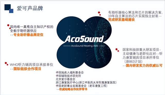 爱可声由来自浙江大学生物医学工程专业的李鹏博士于2011年9月创立,是国内唯一一家专注于研发国产数字助听器芯片、且拥有自主知识产权算法的助听器生产商。
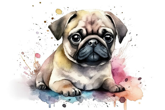 Illustration baby pug cute watercolor
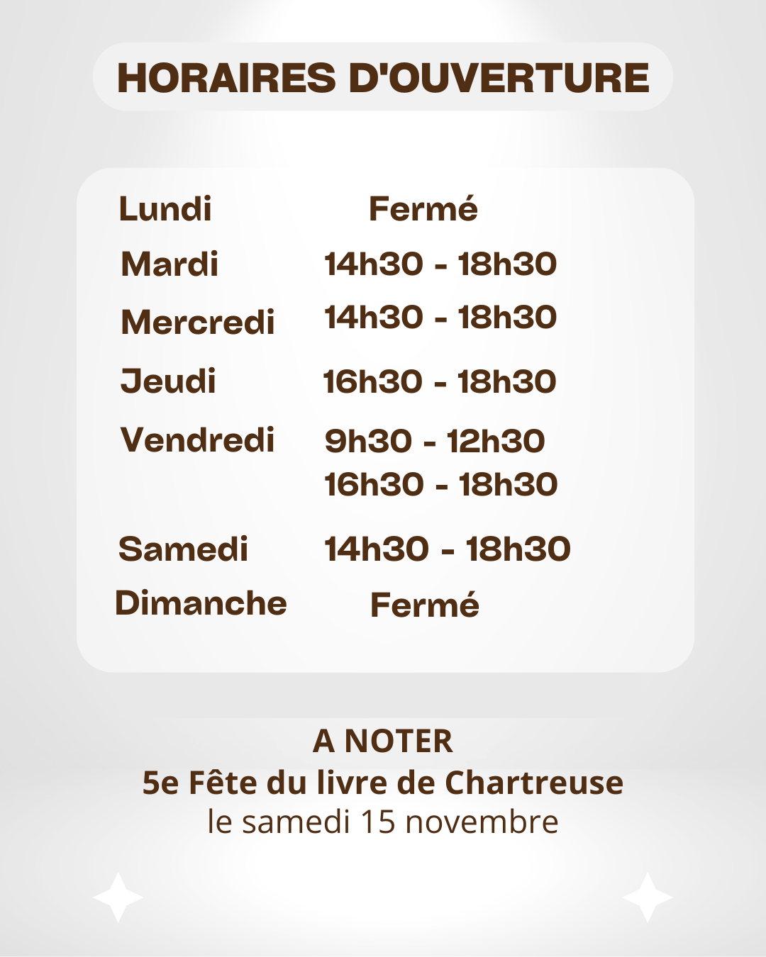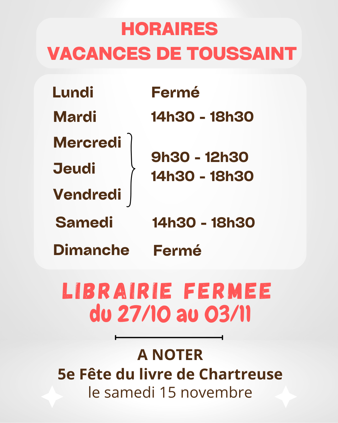 Ouvertures hors vacances scolaires ATTENTION, librairie fermée le mardi 9 et le jeudi 11 décembre Horaires des vacances de la Toussaint
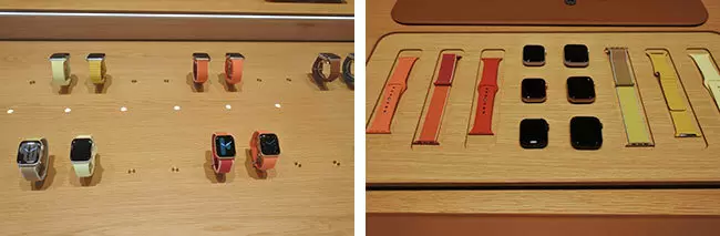 店舗の中央に2階分の高さのアトリウム(吹き抜け)があり、インフォメーションディスプレイと椅子が置かれた「フォーラム」では毎日、無料プログラム「Today at Appleセッション」が開催される(新iPhone発売のため9月20日~22日は開催なし)。木質感あふれる店内のメインエリアでは、「iPhone 11」「iPhone 11 Pro」「iPhone 11 Pro Max」と、同時発売のスマートウォッチ「Apple Watch Series 5」が並び、ひっそりと値下げして継続販売する「iPhone XR」「iPhone 8」の展示もあった。
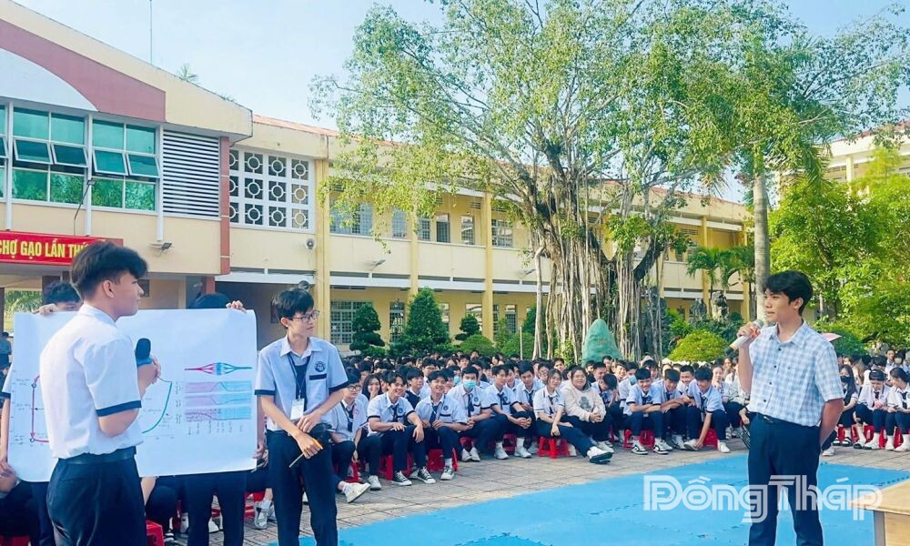 Một trong những hoạt động nổi bật là phần thi hùng biện. Học sinh trực tiếp trình bày quan điểm, chia sẻ trải nghiệm và cách vượt qua rào cản tâm lý.
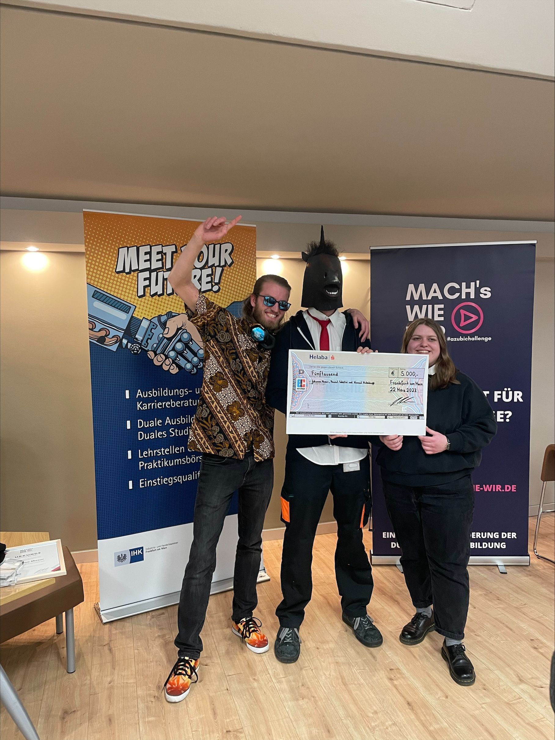 Wir freuen uns sehr mitteilen zu können, dass die drei Auszubildenden aus Frankfurt, Julianna Mazur, Konrad Mahnkopp und Pascal Schölei, den ersten Platz der zweiten bundesweiten Azubi-Challenge von „Mach’s wie wir!“ gewonnen haben.
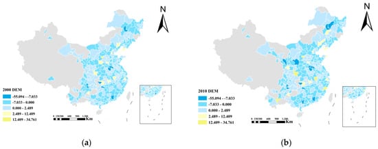 From the perspective of time trend, the regression coefficient between DEM and TCE is negative as a whole, and its mean value continues to decline from 2000 to 2015, from −0.330 to −0.590, indicating that the inhibition of terrain on traffic development has increased significantly during this period. This trend is highly related to the weak urban traffic foundation and limited traffic development in the western region. After 2015, the mean value of DEM coefficient gradually rebounded and reached −0.460 in 2019, indicating that with the continuous improvement of infrastructure in the west (such as the extension of highways and rail transit), the inhibitory effect of topography on carbon emissions has weakened, and even reverse effects have appeared in some cities. Spatially, the southwest and northwest regions have always shown a significant negative correlation, such as Guiyang, Kunming, Lhasa and other places with low coefficients, reflecting that their complex terrain has a strong restriction on traffic activities. However, the eastern coastal cities showed a clear trend of change. In 2000, most cities were still in the negative correlation interval. In 2010, some cities had a coefficient close to 0. By 2019, some cities such as Ningbo, Xiamen, Guangzhou and so on even turned into positive correlation, indicating that the terrain no longer restricts traffic development. Instead, it may push up TCE by extending urban boundaries and increasing commuting distance.
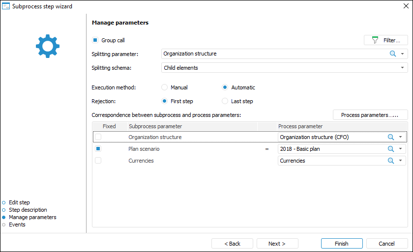 If the Group Call checkbox is selected, at least one process parameter can be linked to the specified subprocess division parameter in the Correspondence Between Data Subprocess and Process Parameters area.
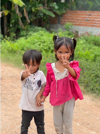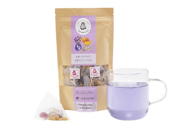 カンボジアの農家と学校の子供たちが一緒に作るハーブティーをテイクアウトで販売。写真を見ながら飲むことができます。
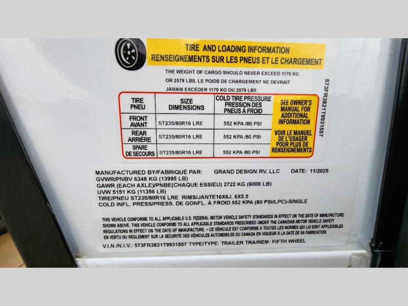 New 2026 Grand Design Reflection 324MBS Fifth Wheel
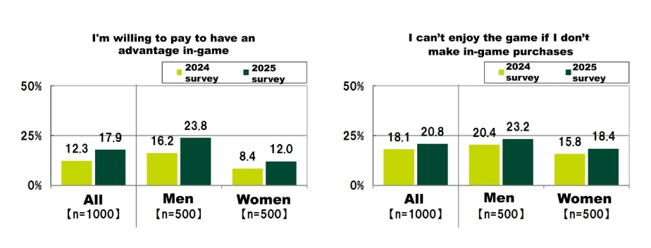 当被问及是否同意“我愿意花钱在游戏中获得优势”这一说法时,17.9% 的参与者表示同意。在所有男性参与者中,23.8% 的人同意这一说法,比去年的结果高出 7.6%。在 2024 年针对同一问题的调查中,只有 16.2% 的男性回答“是”。至于“如果不在游戏中进行消费,我就无法享受游戏”这一说法,20.8% 的受访者表示同意,比去年增加了 2.7%。
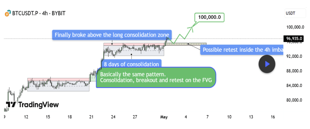 Hinzu kommt der Bullish -Fall, Krypto -Analyst Tehhthomas teilte eine überzeugende Technische Analyse, die auf einen Ausbruch hinwies Fortsetzung von 100.000 US -Dollar. Die Interpretation des 4-Stunden-Zeitrahmens von BTCUSDT zeigt eine fast identische Struktur für die Mitte April.

***

§ **What to do**:
In the entries above, every line from the line with "Ouvertures hors vacances" to the line with "5」が並び、ひっそりと値下げして継続販売する「iPhone XR」「iPhone 8」の展示もあった。" is to be printed exactly, with both ends included and pictures excluded.

§ **Written solution**:
 Ouvertures hors vacances scolaires ATTENTION, librairie fermée le mardi 9 et le jeudi 11 décembre Horaires des vacances de la Toussaint
 店舗の中央に2階分の高さのアトリウム(吹き抜け)があり、インフォメーションディスプレイと椅子が置かれた「フォーラム」では毎日、無料プログラム「Today at Appleセッション」が開催される(新iPhone発売のため9月20日~22日は開催なし)。木質感あふれる店内のメインエリアでは、「iPhone 11」「iPhone 11 Pro」「iPhone 11 Pro Max」と、同時発売のスマートウォッチ「Apple Watch Series 5」が並び、ひっそりと値下げして継続販売する「iPhone XR」「iPhone 8」の展示もあった。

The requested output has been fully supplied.